(This is the fourth post in this fundraising mini-series: quick, simple ideas that I’ve used in various fundraising conversations over the years, that I’m sharing here, one by one)
If there’s one tactical topic everyone seems to have a strong opinion on when it comes to fundraising, it’s whether entrepreneurs should be actively talking to new VCs *in between* rounds of financing, for relationship building purposes.
Many founders have had the same experience: something public or semi-public comes out about your company (a funding announcement, a press article, a blog post, a tweet, even a LinkedIn update of some sort…) and, voila, your inbox starts filling up with emails, typically from VC firm associates saying that they “heard good things” about your company and would “love to catch up”. At first, it may be vaguely flattering, but as more emails pile up, it gets tedious, sometimes overwhelming. And perhaps slightly annoying: everyone says you’re supposed to get a warm intro to a VC, but then VCs can just email you cold, and somehow they expect you to drop everything you’re doing to talk to them? Sheesh, the nerve.

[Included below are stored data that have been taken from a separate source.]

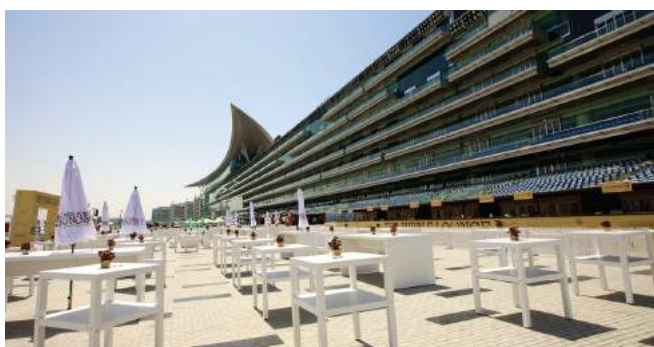
The Apron Views can host up to 15000 guests
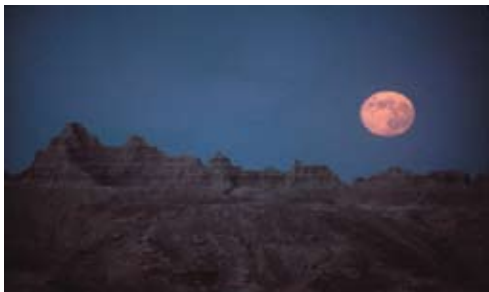
Badlands at night
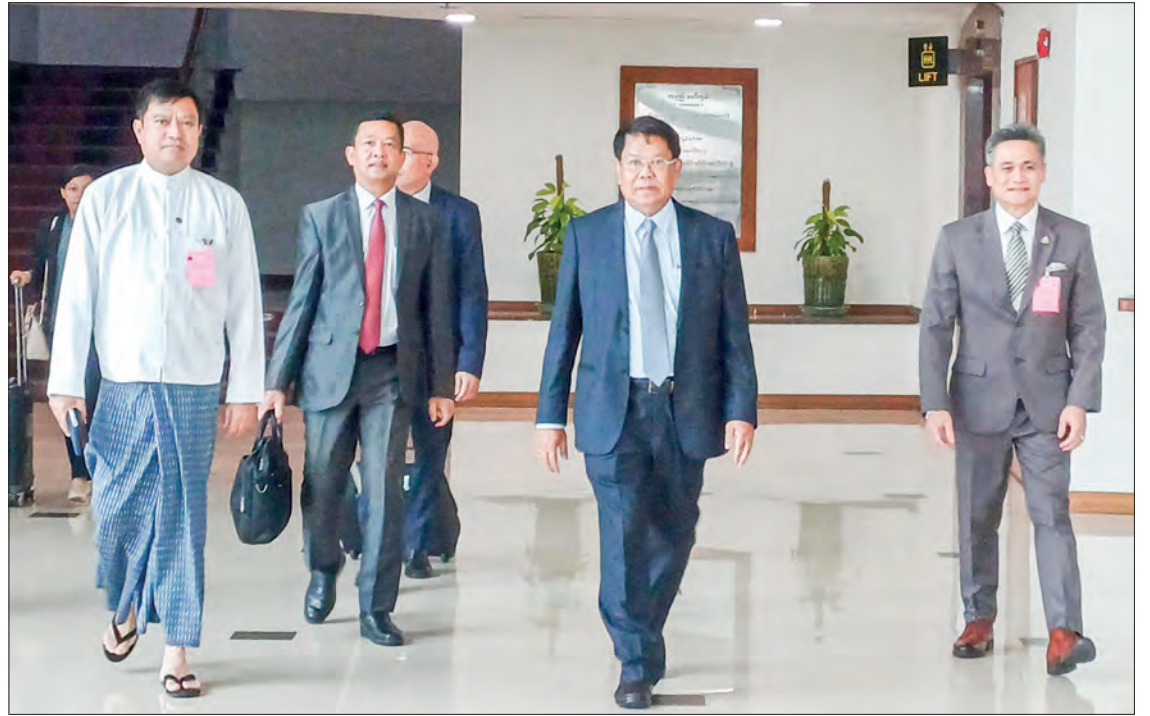
Deputy Prime Minister MoFA Union Minister U Than Swe is seen at the Yangon International Airport yesterday before departing for Thailand.

Chiang Mai. The delegation was seen off at the Yangon International Airport by Ambassador of the Kingdom of Thailand to Myanmar Mr Mongkol Visitstump and senior officials from the Ministry of Foreign Affairs. — MNA
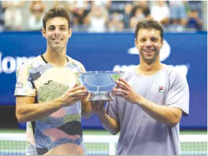
Spain's Marcel Granollers (L) and Argentina's Horacio Zeballos with the trophy

Marcel Granollers and Horacio Zeballos saved three championship points against all-British pair Joe Salisbury and Neal Skupski on Saturday to win their first US Open men's doubles title. Salisbury and Skupski were a point away from winning with their opponents serving down 5-4 down in the third set but Granollers and Zeballos fought back to prevail 3-6, 7-6 (7/4), 7-5. It is a second Grand Slam triumph for Spain's Granollers and Argentina's Zeballos. They also beat Salisbury and Skupski in three sets at this year's French Open final. "When you play these kind of matches it's so unfair there's a winner and a loser," said Zeballos. "I don't really know how we... won those last points after what we did during the match. We kept fighting. I think if I had to describe the match with one phrase is 'never give up'."
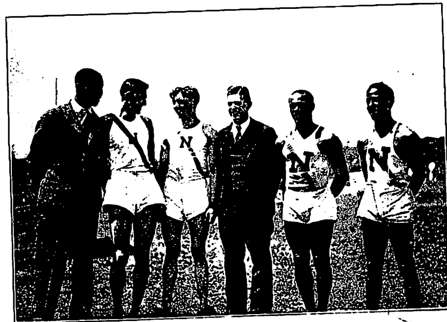
DETROIT NORTHEASTERN HIGH SCHOOL TRACK TEAM 1927-28

State Champions—Class A State Meet Score—32 Points
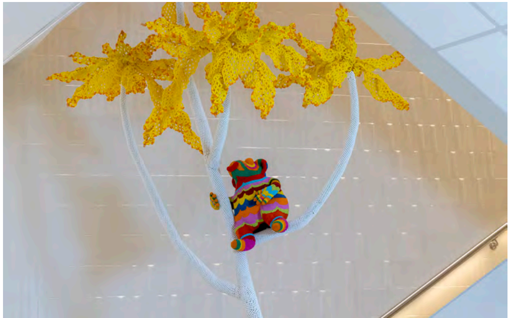
The Haas Brothers, Detail of sculpture, "Tree to Be Me," 2022, installed at Children's National Hospital.
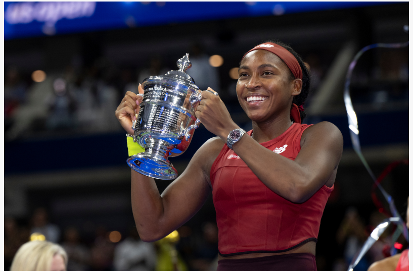
ROLEX TESTIMONEE COCO GAUFF LIFTS THE TROPHY AT THE US OPEN 2023

strengthening the Swiss watchmaker's presence at the heart of the game with the support of all four Grand Slam tournaments. As part of its pivotal partnerships in sport, the brand helps to
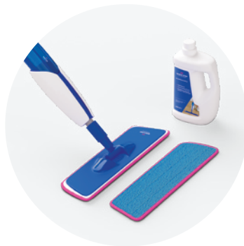
Cleaning kit QSSPRAYKIT

This cleaning product was specifically developed for Quick-Step floors. It cleans the surface thoroughly and safeguards its original appearance, maximising that 'new floor' experience.
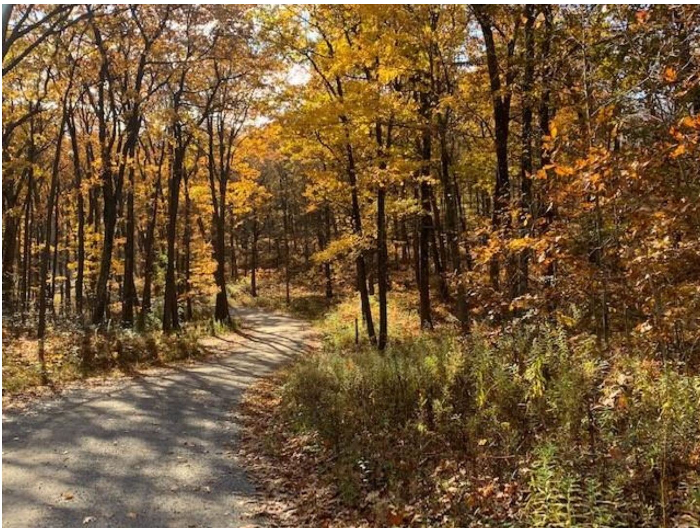
Underwood Road, Moshannon State Forest.
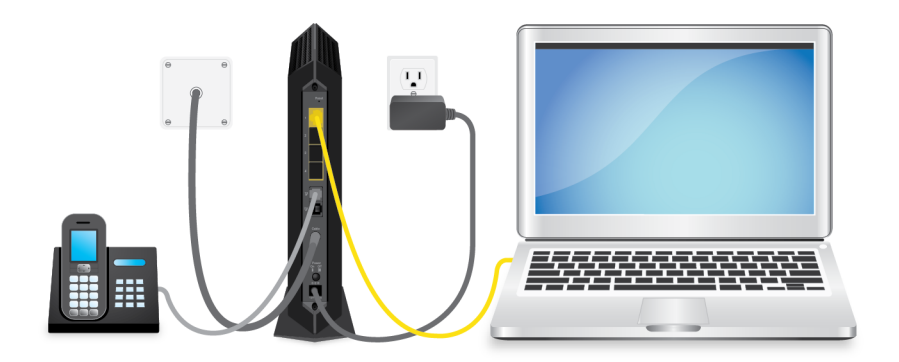
Figure 5. Connect your cable modem to a computer
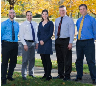
Silver, Petrucelli & Associates
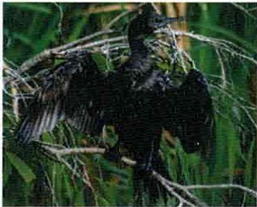
Little Black Cormorant
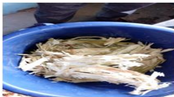
Fig No: 06. Bin loaded with bagasse and other materials.

The worms, cultured in the department, were introduced into Pit, Bin ,Tray with other various organic materials as illustrated earlier.
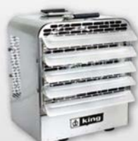
PKBS Series Stainless Steel Industrial Portable Unit Heater 208/240/480V / 5,000-20,000W
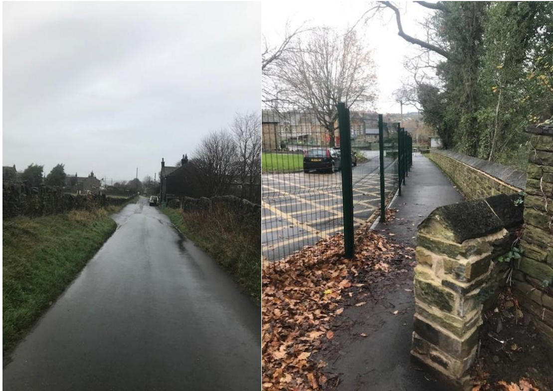
Housing development at Cross Lane Scholes contributed to passing places at Rycroft Lane and housing development at Commercial Road, Skelmanthorpe contributed to the formation of new link between the development and Skelmanthorpe First School.
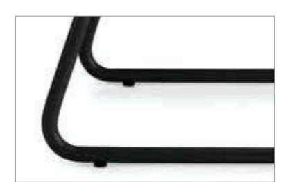
Rugged steel frame.
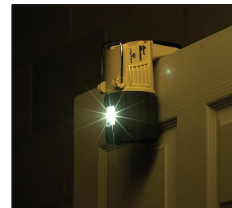
Hang over doors, pipes, ladder rungs, etc., for hands-free lighting
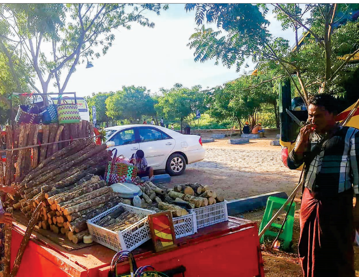
A vendor sells Thanaka in Bagan.

It is recommended in UNESCO meetings that the integration of safeguarding intangible cultural heritage into cultural policies and training sessions on policy development in the context of broader capacity-building projects as well as in emergencies and post-disaster contexts. The activities of ICH awareness and promotion call for the involvement of stakeholders (government, civil society, communities) in the process of developing policies and initiatives related to Sustainable Development Goals (SDGs) and Post Covid 19 New Normal activities. The national level focal ministry like Ministry of Religious Affairs and Culture has to strengthen tools for effective plan of action to improve effectiveness of its policy support. This will include the revision guidance note for facilitators and related ministries who get involved.
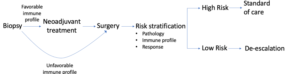
FIGURE 3 | Immune profile of biopsied tumor can indicate need for preoperative immunotherapy in OCSCC. After definitive surgery, risk stratification can be done using pathologic data, immune profile, and response to initial treatment. Level of risk can then dictate adjuvant therapy.

tumor-specific algorithms to achieve better oncologic and functional outcomes we will one day be able to change the treatment of OCSCC for the better.
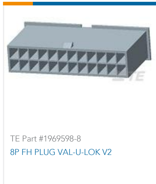
TE Part #1969598-8 8P FH PLUG VAL-U-LOK V2
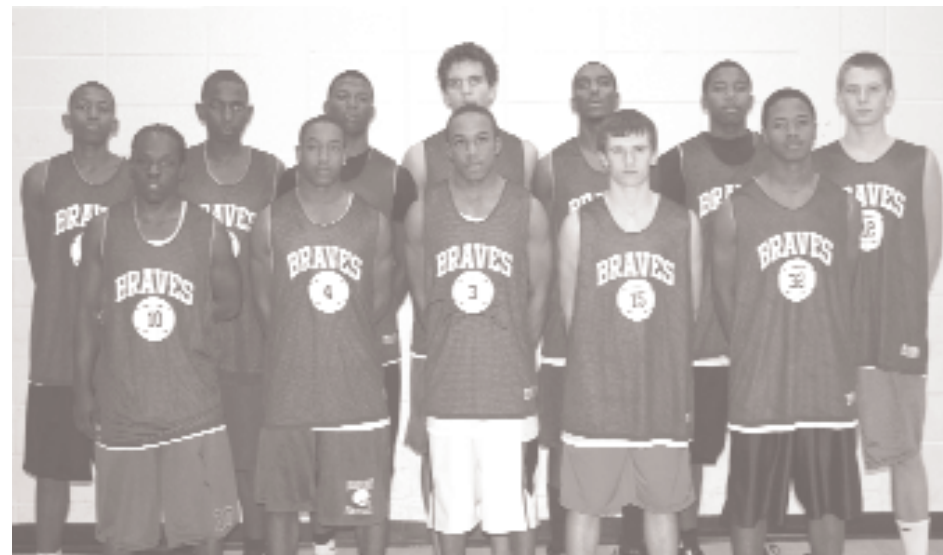
2008-2009 Boys Basketball Team finished 20 and 6.

Braves lost four out of their final seven games after beginning the season with only one loss in their first eighteen games.
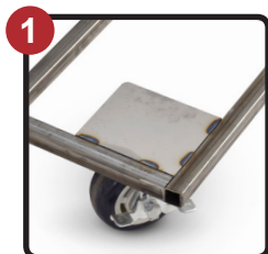
Tubular Welded Base Frame
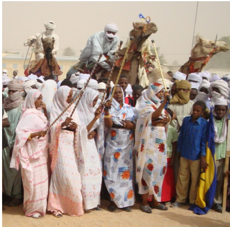
A 2010 cultural festival, funded from the PDEV project, was organized in the desert oasis of Faya Largeau, capital of the
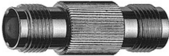
Fig. may differ
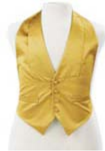
Gold Vest Front

The first thing to understand is that VCs are in the business of “seeing the deal”. Venture capital is an information and salesmanship game where getting early access to the best investment opportunities is essential to success in a hyper-competitive environment. This is exacerbated by the current market phase we are in. Venture capital used to be a small asset class, highly concentrated and local – in those days, VCs had all the power and could afford to stay in their Sand Hill Road offices until the entrepreneurs would find them. Today, the number of funds has exploded, with enormous amounts of money chasing the best companies, and every investor is furiously searching for the needle in the proverbial haystack, and hoping to find it before other VCs do.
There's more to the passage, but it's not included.